EMİN HALUK AYHAN (Denizli) - İşte, bunları kamuoyuyla paylaşsanız siz de rahatlayacaksınız. Şimdi "Ben nasılsa Bakanlar Kuruluyum, Hazineninkine gerek yok, kanunu da çiğnerim." dediğiniz zaman bunun bir oluru yok, önüne bakmak lazım.

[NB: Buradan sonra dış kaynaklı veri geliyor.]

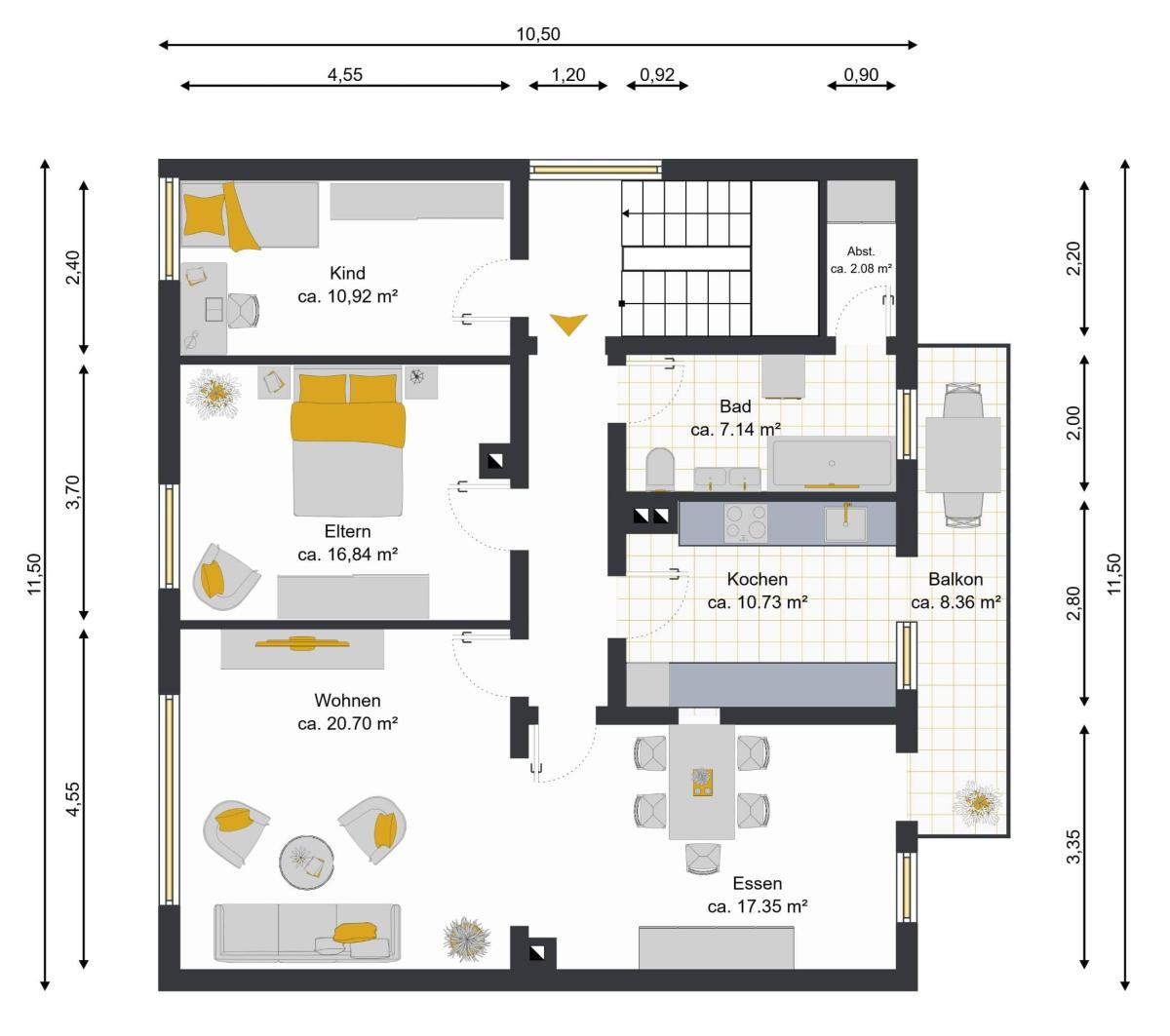 Erdgeschoss - Wohnung 1 mit ca. 95 m ² (eigengenutzt):
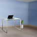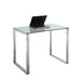 Contemporary glass and steel computer desk, Ideal choice for home office, Stylish and attention-grabbing, Can be used in the whole set with the large, small, and corner desk or mix up with just one of those two. It It features clear, tempered glass top with 2 polished stainless steel legs.
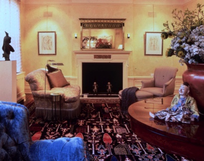 Park Avenue apartments such as this one were designed for gracious living. This large living room is divided by a circular 18th-century American antique table and is furnished with an array of 18th- and 19th-century furniture and accessories. A 16-by-25-foot colorful antique Bakhtiari Persian rug ties the room into one elegant space for formal entertainment. The painted Pompeii red bedroom hallway, with an antique mirror and amusing cartouche details, adds character and elegance to an otherwise boring space. The bedroom is painted with neutral subtle cream color and features an oversized headboard, custom night tables, and an antique Biedermeier desk, a perfect mixture of period and contemporary styles.
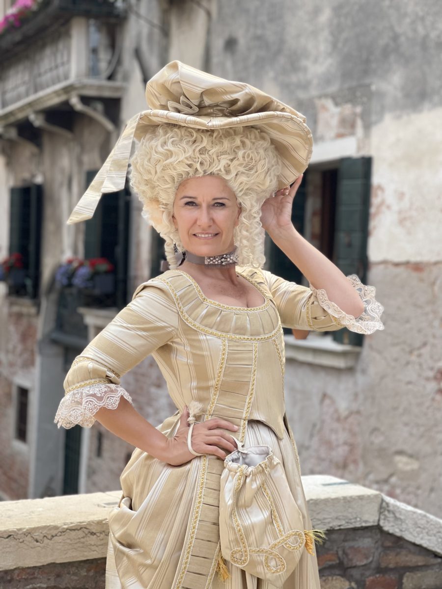 Handmade reproduction of historical dress from 18th century. Moiree striped fabric.

Rakamlara girmeyeceğim baktığım zaman da. Dolayısıyla şimdi 3,52; bir özel sektörle ilgili kısmını merak ediyorum. Orada verilen taahhütte Hazine garanti verdi mi vermedi mi, ben o metinden anlamadım. Ben de anlamakta problem olabilir. Oradan gelecek yükler buraya gelecek, biz onu mu karşılayacağız? Belki siz onu hesap ettiniz, onu buraya koyacaksınız. Sadece buradan yapılan borç servisleri değil, özel sektörünki de var mı yok mu, onlara bakmak lazım. Yani işin detayında ne var, bilmediğimiz için o zaman problem hasıl oluyor, burada bu görüşmeler de devam ediyor. Hepimiz bir şeyler söylüyoruz, iş uzuyor. Hazırlıklı da gelinse bunun belki de bir şeyi olmazdı çabuk da çıkarırdınız. Neticede her birimiz beşer, onar dakika konuşacağız, "Hayır." dediğiniz zaman veya "Kabul ettik." dediğiniz zaman bu olay bitip gidecek. Ama bakın, nasıl Merkez Bankası Denetleme Kurulu olayında hakikaten sıkıntı çıktı, siz geri çekmek zorunda kaldınız. Hâlbuki hiçbir şeyi yoktu, başka bir zaman getirilip çok detaylı tartışılabilirdi. Onun da zaten bugün gelmesinde sıkıntı var. Eğer yapmak istiyorsanız Merkez Bankası buraya geldiğinde, Komisyona görüş bildirdiğinde veya sunum yaptığında o üyelere daha rahat anlatılabilirdi, ikna edilebilirdi. Akşamdan sabaha geliyor "Şunun için yaptık." diyor. Hakikaten o gerekçe bizi tatmin etmiyor. Ya, muhalefet olarak belki uygun göreceğimiz düşünülebilir ama yani neticede sabahtan akşama, bir günde... Ben de danışacağıma açıyorum "Ya, burada, bu rakamda da ne vardı?" veya size soracağım veya ötekine soracağımı bilmem lazım, o kadar vakti de şey yapmam lazım. Ha, benim düşüncem bunu hani iki satır bir kanunla... Belki hani "Burada muhalefet de iktidar da uzlaştı, böyle yapıyorlar." falan diyerek dışarıya da bir görüntü verelim; bununda bir pozitif etkisi olur diye düşünüyorum.

Ben teşekkür ederim, sağ olun Başkanım.

BAŞKAN - Teşekkür ederim Sayın Ayhan.